Set \(u_0 = g(x_{\theta },y_0,z_0), \ u_1=u(x_\theta )\) \(p_0 = g_x(x_{\theta },y_0,z_0),\) and \( p_1 = Du(x_\theta )\). Then rewriting in terms of the matrix A we have

$$\begin{aligned} h''(\theta )&\ge \big [D_{ij}u(x_{\theta }) -g_{ij}(x_{\theta },y,z)\big ](\dot{x_\theta })_i(\dot{x_\theta })_j +\big [A_{ij}(x_{\theta },u_1,p_1)-A_{ij}(x_{\theta },u_0,p_0)\\&\quad -D_{p_k}A_{ij}(x_{\theta },u_0,p_0)(p_1-p_0)\big ](\dot{x_\theta })_i(\dot{x_\theta })_j -K|h'(\theta )|\\&= \big [D_{ij}u(x_{\theta }) -g_{ij}(x_{\theta },y,z)\big ](\dot{x_\theta })_i(\dot{x_\theta })_j + A_{ij,u}(x_\theta ,u_\tau ,p)(u_1-u_0)(\dot{x_\theta })_i(\dot{x_\theta })_j\\&\quad +\big [A_{ij}(x_{\theta },u_0,p_1)-A_{ij}(x_{\theta },u_0,p_0)\\&\quad -D_{p_k}A_{ij}(x_{\theta },u_0,p_0)(p_1-p_0)\big ](\dot{x_\theta })_i(\dot{x_\theta })_j-K|h'(\theta )| \end{aligned}$$

Here \(u_\tau = \tau u +(1-\tau )u_0\) results from a Taylor series.

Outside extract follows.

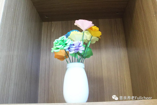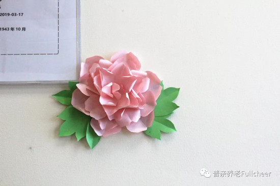 收獲了眾多好評的藍(lán)色系折紙花,讓單調(diào)的墻面多了浪漫點(diǎn)綴,裝扮了老人們的生活環(huán)境,還被院長選為了“最受喜愛的環(huán)創(chuàng)作品”。

Another Taylor series for \(f(t):= A_{ij}(x_{\theta },u_0,t p_1+(1-t)p_0)\) and we obtain

$$\begin{aligned} h''(\theta )&\ge \left[ D_{ij}u\left( x_{\theta }\right) -g_{ij}\left( x_{\theta },y,z\right) \right] \left( \dot{x_\theta }\right) _i\left( \dot{x_\theta }\right) _j + A_{ij,u}\left( u_1-u_0\right) \left( \dot{x_\theta }\right) _i\left( \dot{x_\theta }\right) _j\\&-K|h'(\theta )| + D_{p_kp_l}A_{ij}\left( x_{\theta },u_0,p_t\right) \left( \dot{x_\theta }\right) _i\left( \dot{x_\theta }\right) _j\left( p_1-p_0\right) _k\left( p_1-p_0\right) _l. \end{aligned}$$

This is the desired formula. \(\square \)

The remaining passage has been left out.